Derrick turned the dial on the side of the QQTV scanner. “The temperatures are above what’s typical ten meters underground. It should be somewhere around ten degrees C, give or take, but what I’m reading is fifteen degrees. And then, there’s these,” He leaned over so Sarah could see the screen, “those yellow areas are up to around twenty-five degrees.”
On the QQTV screen the tunnel was a uniform blue, while semi-circular patches, around the openings on either side, the walls warmed to a blotchy yellow.
“Any ideas what it means, Derrick?” Sarah asked, but Derrick just shrugged and peered down the tunnel.
“Ah dang, guys, check it out, man,” Derrick said as he looked back down the tunnel, “It’s all freaking moving.”
As they all looked at the sides and walls of the
tunnel, they realized the entire passage was undulating in heavy waves, with infrequent shudders along a side tunnel opening that shook strands of the slime free from the ceiling to stretch down to the floor.
CHAPTER FORTY-FOUR
THEY ALL PLAYED THEIR lights to the far end where the corridor bent slightly right and continued out of view.
Howard wrinkled his nose and said, “Smells like a fucking stray dog’s breath.

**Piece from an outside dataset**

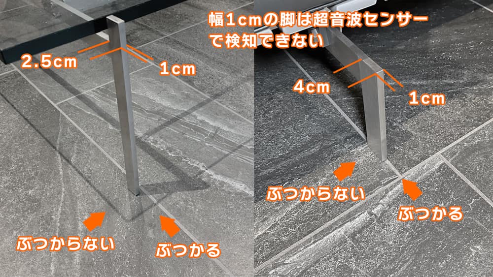 次に、検知できずにぶつかってしまう家具を紹介します。原因は「幅が狭くて検知できない」「低すぎて検知できない」の2通り。

And it’s humid as hell too.”
“See, I told y’all it was gross,” Mary said.
Derrick nodded. He turned the dial on the side of the QQTV box to the air-vector setting and whispered, “We got air currents moving around the entrances to the side tunnel. I’m not seeing any vectors traveling the axis of the main tunnel, beyond a light one traveling the length toward us from when we opened the door. I don’t think anything’s moved down the main tunnel within the last several seconds. The Veil is thin here though—I can feel the Mythos-energy ... sickeningly thick and oppressive. Bad, man. Real bad. We’re close to the origin of the Primary Entity tear.”
Sarah whispered, “Turn your lights off.”
They all switched off the lights on their rifle rails. The room they were standing in plunged into darkness. As his eyes adjusted, Derrick could see lights flickering and pulsing from the side tunnels.
“Ideas?” Sarah asked. They all flicked their lights back on.
“Grenades ready for the side tunnels?” Howard offered.
Sarah shook her head. “Could cause a cave-in.”
Mary said, “I don’t think this is exactly a tunnel. The slime, the movement. Looks like dirt, but ...”
“Feels like a sneaker?” Derrick smiled.
“Yes, Derrick it feels like a sneaker. No, I think we may be inside a living organism—a Secondary Entity maybe?”